Black Choreographers Festival Here and Now Week Three in Oakland draft

I was back for week three, missed week 2, Next Wave, one of my favorite weekends. Next Wave is an opportunity to see the up and coming choreographers before they hit big time (smile). Nora's Miriam was still resonating for me, even now. The work was so beautiful. Perhaps I was making up for lost time, but I went both evenings to the Oakland performances (smile).

Saturday night was a gala and awards night for the tenth anniversary. The theatre was sold out and there was standing room only, some folks seated on the stairs.

Freedom on BCHN's Collective Mind?

Dying While Black and Brown, choreographer, Joanna Haigood

Joanna Haigood’s artistic and creative design takes dance into an ether dimension. Her aesthetic is grounded in ideas which unfortunately span Pan African lifetimes—I am speaking of justice or more precisely injustice, how legal justice continues to elude my people post slavery, post colonialism.
Nowhere is this more true than in the criminal system which houses more and more black men each year as law makers in response to public outcry make halfhearted attempts to reduce prison sentences by paroling non-violence prisoners.

There are four men in a small  orange cell shaped like a house and during the work, they occupy, climb and sit on even dance with the structure. Haigood said that the house was once used as part of the set for Arrivals and Departures at the San Francisco International Airport. In the former piece the houses were hanging from the ceilings.

Freedom was certainly one of the collective themes this three weekend at Black Choreographers Festival Here and Now as first Joanna Haigood’s work which centered on four men housed in a small cell, while Gregory Dawson’s work, birds eye view, was about movement and flight as was Kendra Kimbrough Barnes's whose work looked at migration from the south north to freedom and opportunity –something a change of venue often didn’t provide.
It was nice Kendra Kimbrough Barnes and Laura Elaine Ellis had such support. They certainly deserved every accolade. The evening before Kendra previewed what will be an evening length work debuting this fall. Entitled Clearance: Linking our Passage the work migrated across continents and across America--black people once free looking for home. Images were juxtaposed with the human landscape as terrorism and violence kept families uprooted and constantly moving on--the music both live and recorded were definite characters in a work that is so signature Barnes--the lines connected to lineage--each dancer never to far from kinship, the bodies buoyed by presence. We are relationship people, which means we like company (smile).

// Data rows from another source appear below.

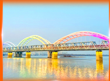
สะพานรถไฟปินโจว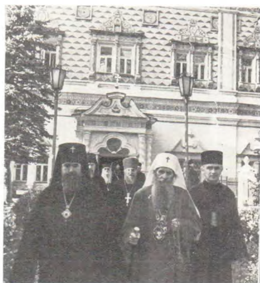
Патриарх Сербский Герман в сопровождении архиепископа Дмитровского Александра выходит из здания МДА после знакомства с жизнью Академии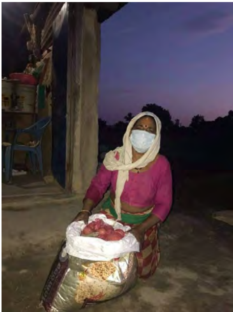
In Gorkha :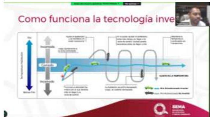
Fig 6.- Video-conferencia de eficiencia energética a personal de la Dirección General del Consejo Quintanarroense de Humanidades, Ciencias y Tecnología (CQHICYT).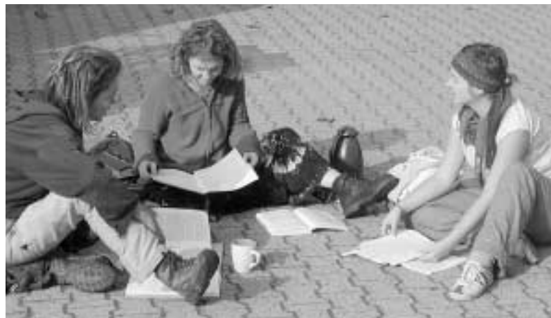
Lernen mit Bodenhaftung

Bachelor oder Diplom? scheint wie der Vergleich von Äpfel und Birnen. Beides ist Obst und doch schwer vergleichbar. Und den Menschen, die Unterstützung brauchen, wird es egal sein, wie das Studium hieß. Entscheidend ist die Qualität der Dienstleistung. ■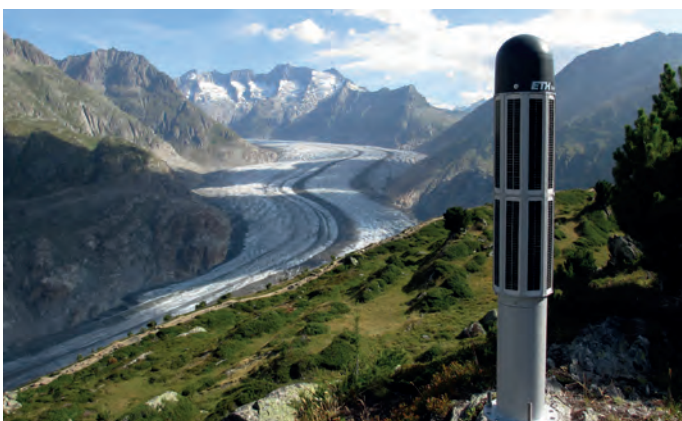
Komplettsystem inkl. Solarpanelen und Datenübertragung

Eine kostengünstige Alternative sind einfache 1-Frequenz-GNSS-Sensoren. Sehr kurze Messintervalle und spezielle Algorithmen bei der Datenauswertung liefern hochpräzise Verschiebungsmessungen. Die Stromversorgung kann an entlegenen Stellen bei Bedarf über Stromaggregate und Solarpanele dauerhaft sichergestellt werden.

I don't think Africans are natural capitalist--there is something about the isolation and competition and domination. Capitalism rests on the notion that only one can win. In Clearance: Linking our Passage, the choreographer does not philosophically throw out patterns that served the community well, rather she incorporates those moves into the present-- as Tossie Long sings: "Ain't Gonna Let Nobody Turn Me Around."

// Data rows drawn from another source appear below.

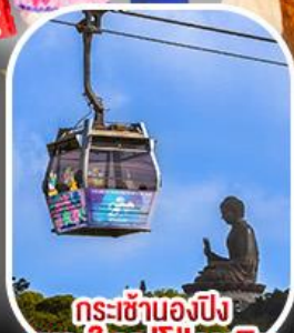
กระเช้าเองปีง พระใหญ่ไผ่หลิน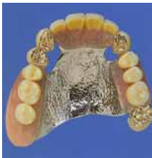
上顎の部分は金属で作ります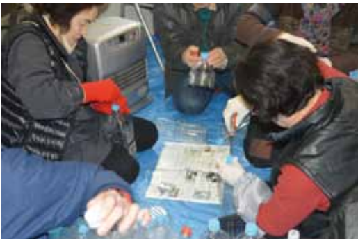
◀作業に取り組むメンバー

イベント当日の朝は、強風で雪が降る悪天候だったため中止も考えましたが、これまでの努力が報われたのか、天候も回復したため、準備に取り掛かりました。大学生などのボランティアも多く参加し、会員の皆さんとペットボトルを並べていきましたが、風で何度も飛ばされてしまいます。それでもイベントの開始時刻までに全て並べることができ、参加者を迎えることができました。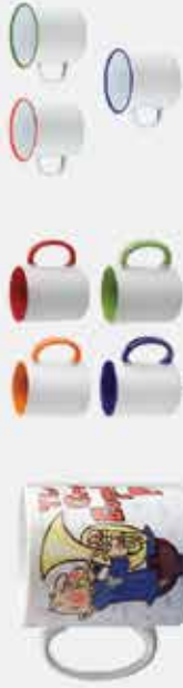
ŠALČKA, barvna + 1 €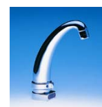
AUM3E Art.Nr. 66173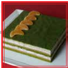
TORTA AL THÈ VERDE € 4,50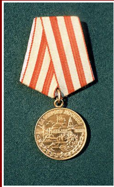
Медаль «За оборону Москвы»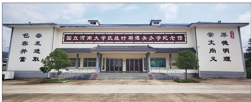
国立河南大学抗战时期潭头办学纪念馆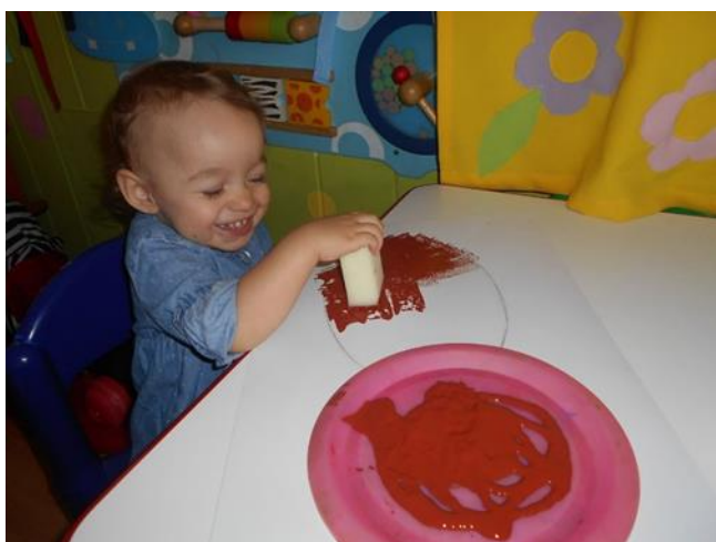
Slika br. 24 – Dijete oslikava tamburicu

Treća skupina, imala je zadatak pomoću tempera naslikati narodno, slavonsko glazbalo, tamburicu. Odgojiteljice su kao i u prethodna dva zadatka, nacrtale oblik, a djeca su uz njihovu pomoć oslikala tamburicu sa spužvom i smeđom temperom. Spužvu su umakali u temperu te su na taj način nanosili boju na papir. Kada se boja osušila, izrezan je oblik tamburice te su crnim flomasterom nacrtane žice.

I am looking forward to the completed work.

Marc Bamuthi Joseph’s new work, Bess, Bill and Bobby is similar to his first choreopoem When Words Become Flesh—the story of his son’s conception and birth; the choreographer’s sojourn into fatherhood and this work, is that conversation at Macai’s tenth year.  A narrative poem with Joseph doing his lyrical thing as he has the audience singing together or perhaps we are moaning? In either case, it sounds good (smile). (He and Kendra performed on different days. I saw both because I was there both days).

For Black People

I remember when I first met Bamuthi, he was on screen in the film, Slamnation in Marin. I invited him to recite one of his poems at the Maafa Commemoration—he came and was too moved by the ritual to interrupt his participation with performance. I am still hoping one day to collaborate with The Living Word Festival and Youth Speaks and Maafa San Francisco Bay Area—maybe for our twentieth anniversary in 2015?

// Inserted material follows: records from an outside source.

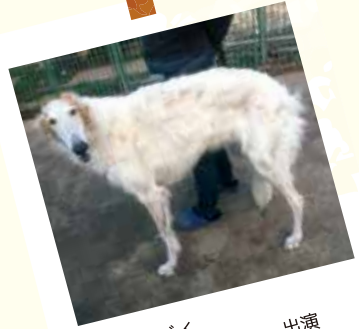
ボルゾイ 「獣医ドリトル」 出演

※動物の体調等の状況により、予告なく予定が変更になることがありますのでご了承ください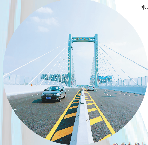
哈西大街打通工程贯通哈西地区与二环路连接。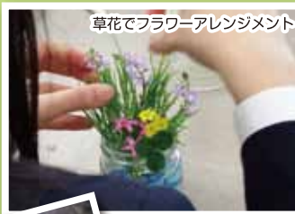
草花でフラワーアレンジメント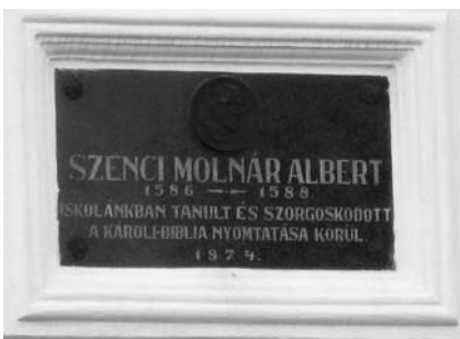
Szenci Molnár Albert emléktáblája a gönci templomfalán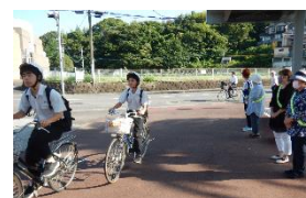
街頭あいさつ運動の様子(令和2年度)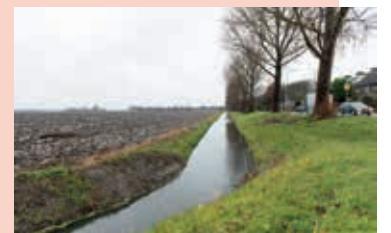
De tocht langs de Troelstralaan is verbreed.

In Zwanenburg wordt gewerkt aan maatregelen om de wateroverlast bij extreme regenval zoveel mogelijk te beperken. Nu de werkzaamheden in de Domineeslaan klaar zijn, is de tijdelijke noodvoorziening niet meer nodig. Deze wordt in de week van 19 december verwijderd. In de Domineeslaan is de capaciteit van de afvoer van het regenwater groter gemaakt. Hierdoor zal op de kruising Maria-laan/Kastanjelaan bij heftige regenbuien het water op straat fors minder zijn. Ook is een parallelleiding aangelegd en zijn de overstorten aangepast. Verder is de tocht langs de Troelstralaan verbreed om een overschot aan regenwater op te vangen. De pompen en buizen die waren geplaatst om in noodgevallen water naar de Ringvaart te pompen, kunnen nu weg. Binnenkort start de volgende fase van de werkzaamheden: de verbetering van de afvoer van de riolen in de Lindenlaan. Het park wordt voor een deel verlaagd zodat daar water heen kan lopen als het extreem veel regent. Om de overlast te beperken, is met het werk aan de Lindenlaan gewacht totdat de Domineeslaan klaar was. Tot de maatregelen was besloten nadat in de zomer van 2014 straten in Zwanenburg bij heftige regenbuien twee maal blank kwamen te staan. Ook is toen het besluit genomen om een tijdelijke noodvoorziening te plaatsen. Die is nu niet meer nodig.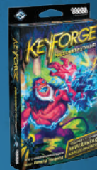
Уникальная колода «Массовая мутация»

Если вы готовы к соревновательной игре, участвуйте в турнирах и чемпионатах, которые проводятся при поддержке Fantasy Flight Games Organized Play. Ищите нас на сайте KeyForgeGame.com .

Haiti as a symbol of liberation closed the evening with . . . Zanset Ibo/Nasyon DECHENNENI!, Portsha Jefferson, choreographer. (Bamuthi is Haitian American).

In this cowboys and indigenous people story, the indigenous people win. Servitude is short lived as the people pick up swords and fight the foreigners off.  It’s spiritual weapons against man’s weapons and in this and all cases, those armed with spirit win.

The heroine comes fierce and holds her own in the face of the white man’s guns. I think her fearlessness in itself makes the enemy tremble. 

Excellently rendered, the work opens on a peaceful village scene. Women pound grains into flour, while kids play and run between their elders who are preparing meals, gathering in the marketplace, doing laundry.  This scene shifts to one of chaos as the enemy rushes in and snatches a child and a woman. What we see next are shackled people, no longer free. 

However within the despair is hope captured in a solo performed by one of the company members.

The work is divided into sections, really marvelous solos and duets with two and three company members, often four. The live musical ensemble is superb and integrated into the larger work occasionally coming into the scene, as a soloist does between captivity and freedom.
The evening, Friday-Saturday nights at Laney College moved from captivity—the New Jim Crow back through the historic enslavement of African people here in the Western Hemisphere— to a minimum security if not complete freedom which kind of ebbs and flows.